You are viewing a plain text version of this content. The canonical link for it is here.
Posted to user@flink.apache.org by Sergei Poganshev <s....@slice.com> on 2018/12/12 13:07:43 UTC

Flink 1.7 jobmanager tries to lookup taskmanager by its hostname in k8s environment

When I to deploy Flink 1.7 job to Kubernetes, the job itself runs, but upon
visiting Flink UI I can see no metrics and there are WARN messages in
jobmanager's log:

[flink-metrics-14] WARN akka.remote.ReliableDeliverySupervisor
flink-metrics-akka.remote.default-remote-dispatcher-3 - Association with
remote system
[akka.tcp://flink-metrics@adhoc-historical-taskmanager-d4b65dfd4-h5nrx:44491]
has failed, address is now gated for [50] ms. Reason: [Association failed
with [akka.tcp://flink-metrics@adhoc-historical-taskmanager-d4b65dfd4-h5nrx:44491]]
Caused by: [adhoc-historical-taskmanager-d4b65dfd4-h5nrx: Name or service
not known]

Note: adhoc-historical-taskmanager-d4b65dfd4-h5nrx is a hostname of a pod
on which taskmanager is running.

So, jobmanager tries to resolve taskmanager's hostname (which probably got
to it from taskmanager itself) on a random port. How can this be mitigated?

Re: Flink 1.7 jobmanager tries to lookup taskmanager by its hostname in k8s environment

Posted by Chesnay Schepler <ch...@apache.org>.
This is a known issue, see 
https://issues.apache.org/jira/browse/FLINK-11127.

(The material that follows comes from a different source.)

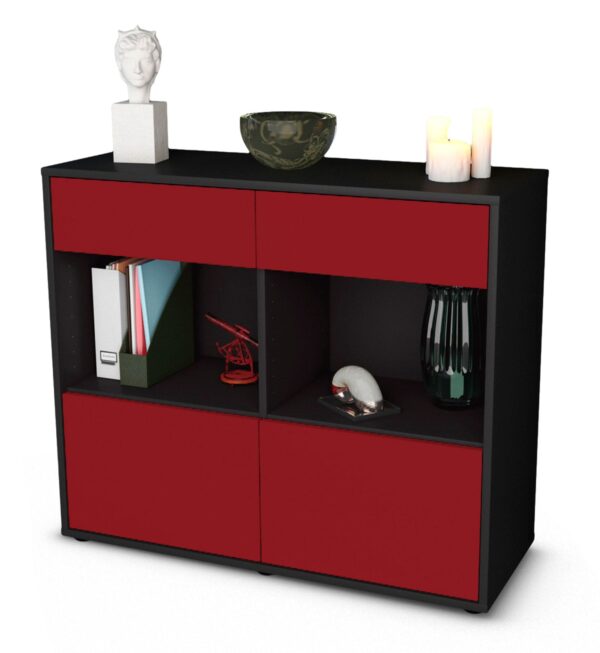 Dieses Sideboard hat Gesamt-Maße von 92x79x35cm. Viel Platz, eine leere Wand, kein passendes Möbelstück? Unsere 92 cm lange Kommode ist die perfekte Lösung! Die Frontfarbe dunkles Bordeaux Rot bringt Wärme ins Haus. Das intensive Weinrot ist einer der edelsten Rot Töne und verleiht jeder Einrichtung einen Glamour Faktor.Der anthrazit-matte Korpus harmoniert mit allen Farben und wirkt besonders edel im Kontrast zu hellen Wänden.

I'm not aware of a workaround.

On 12.12.2018 14:07, Sergei Poganshev wrote:
> When I to deploy Flink 1.7 job to Kubernetes, the job itself runs, but 
> upon visiting Flink UI I can see no metrics and there are WARN 
> messages in jobmanager's log:
>
> [flink-metrics-14] WARN akka.remote.ReliableDeliverySupervisor 
> flink-metrics-akka.remote.default-remote-dispatcher-3 - Association 
> with remote system 
> [akka.tcp://flink-metrics@adhoc-historical-taskmanager-d4b65dfd4-h5nrx:44491] 
> has failed, address is now gated for [50] ms. Reason: [Association 
> failed with 
> [akka.tcp://flink-metrics@adhoc-historical-taskmanager-d4b65dfd4-h5nrx:44491]] 
> Caused by: [adhoc-historical-taskmanager-d4b65dfd4-h5nrx: Name or 
> service not known]
>
> Note: adhoc-historical-taskmanager-d4b65dfd4-h5nrx is a hostname of a 
> pod on which taskmanager is running.
>
> So, jobmanager tries to resolve taskmanager's hostname (which probably 
> got to it from taskmanager itself) on a random port. How can this be 
> mitigated?
>
>